Dear Liz: How does a family without any income qualify for assistance? My son-in-law has had an Internet business for a few years. He did okay for a while, but not lately. Because he owns his own business, he can’t get unemployment. We’re paying for everything and can’t do it much longer. My daughter has a special needs child and is a stay-at-home mom. The kids have medical insurance, but the parents don’t. What steps are available to them to get the help they so desperately need?
Answer: If your son-in-law incorporated his business and paid into his state’s unemployment fund, he may qualify for benefits. If not, he can start his search for help at Benefits.gov, which is a federal Web site with links to a variety of assistance programs.
The fact that you’re helping the family financially is a blessing to them—but the fact that you’re “paying for everything” is a huge red flag.
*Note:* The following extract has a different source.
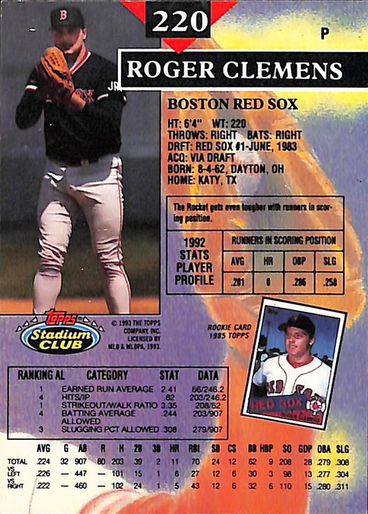 1993 Topps Stadium Club Roger Clemens MLB Baseball Card #220

Families can fall upon tough times, but responsible ones have some savings they can tap and are diligent about finding ways to make money, even if it’s not as much as they were able to command in the past. If they can’t make ends meet, responsible families make changes—sometimes drastic changes—until they can.
What responsible families don’t do is continue relying on relatives until those relatives are bled dry. If your son-in-law isn’t actively looking for a job, he should be. If your daughter is the more employable one and can find work, then he could take over the child-care duties.
They may not take these steps if they think they can still count on you to pay the bills, so you need to be straight with them about your inability to continue supporting their family.